====== PROVIDED DATA

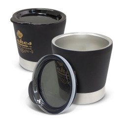 Low profile 260ml double wall, vacuum insulated stainless steel coffee cup which will fit under commercial coffee machines. Calibre is BPA-free with a transparent push on lid and will keep drinks hot or cold for hours. The black and white cups laser engrave to a shiny steel finish and the silver cups engrave to a natural etch. The cup is presented in a...
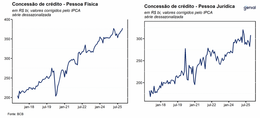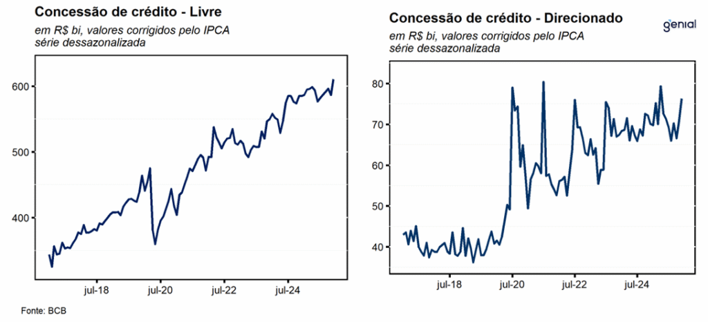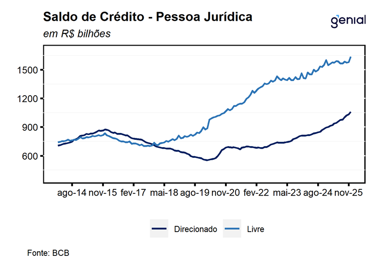 Para as pessoas físicas, as concessões livres, registraram expansão de 14,1% a/a em dezembro, a acelerando em relação aos 11,6% a/a registrados no mês imediatamente anterior. Os principais destaques, em termos reais, ficaram por conta dos desempenhos observados nas concessões de crédito consignado privado (418,5% a/a), que vem acelerando nos últimos meses em decorrência da entrada em vigor da MP 1292/25 do consignado privado para trabalhadores celetistas; e cartão de crédito (10,7% a/a), acelerando pelo quarto mês consecutivo e reflete as leituras robustas de todas as suas modalidades, com destaque para o segmento parcelado (26,7% a/a) e da forte aceleração do rotativo (de 2,0% a/a para 11,1% a/a) na passagem de novembro para dezembro. Na ponta negativa, destacamos as baixas de 9,8% a/a no consignado para trabalhadores do setor público, refletindo ao nosso ver os efeitos da política monetária contracionista sobre as concessões dessa modalidade, e de -18,5% a/a do crédito consignado dos beneficiários do INSS, que, na nossa opinião, é reflexo do escândalo recente envolvendo os descontos indevidos feitos nas aposentadorias dos beneficiários do INSS.
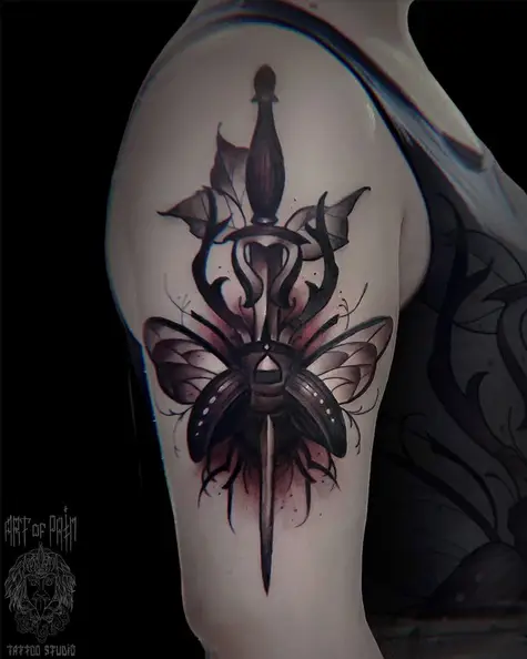 Татуировка женская нью скул на плече кинжал 5186
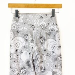 EVOLUTION AND CREATION High Waisted Hi Rise Cropped Leggings White Grey Floral Medium. May fit a small as well. See measurements. Excellent pre-owned condition.
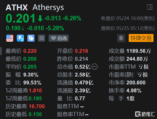 美股異動 | Athersys(ATHX.US)盤前跌超5% 有機構下調其目標價至0美元
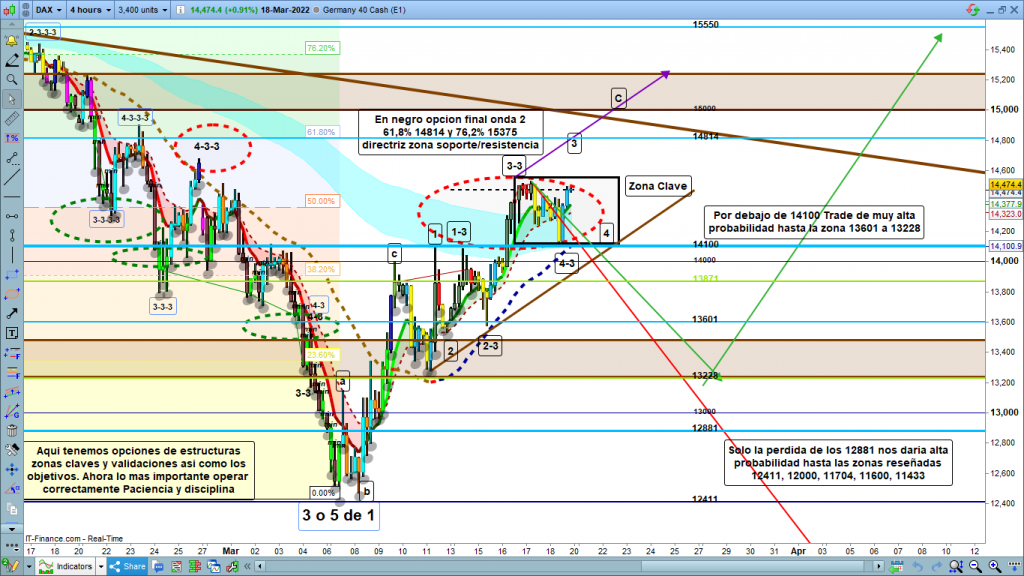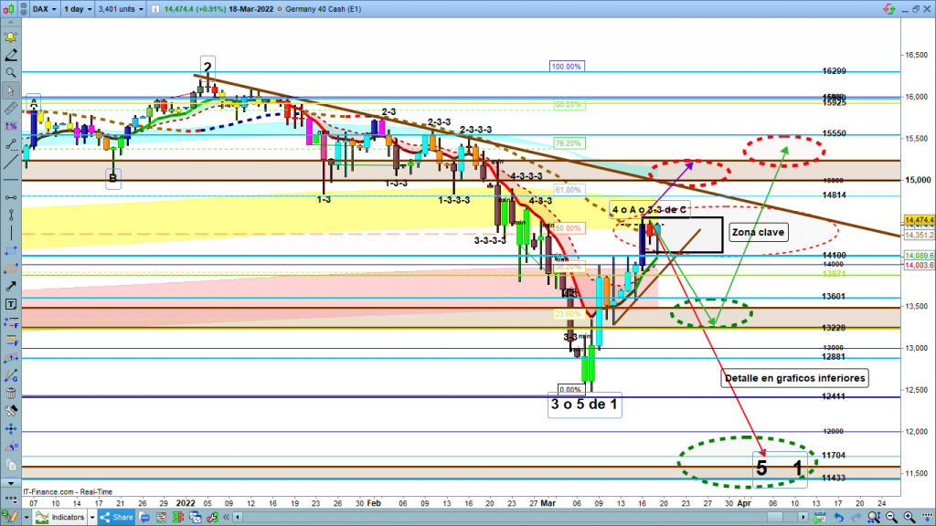 En el gráfico diario de dax40, planteamiento de los escenarios de estructuras posibles planteados, con la caja de la zona clave, que validaría los recorridos, más que significativos, esperados para esta próxima semana.

============

Please retype only the lines from the line that holds "EVOLUTION AND CREATION" through the end of the records, exactly as they stand, and drop every picture.

 EVOLUTION AND CREATION High Waisted Hi Rise Cropped Leggings White Grey Floral Medium. May fit a small as well. See measurements. Excellent pre-owned condition.
 美股異動 | Athersys(ATHX.US)盤前跌超5% 有機構下調其目標價至0美元
 En el gráfico diario de dax40, planteamiento de los escenarios de estructuras posibles planteados, con la caja de la zona clave, que validaría los recorridos, más que significativos, esperados para esta próxima semana.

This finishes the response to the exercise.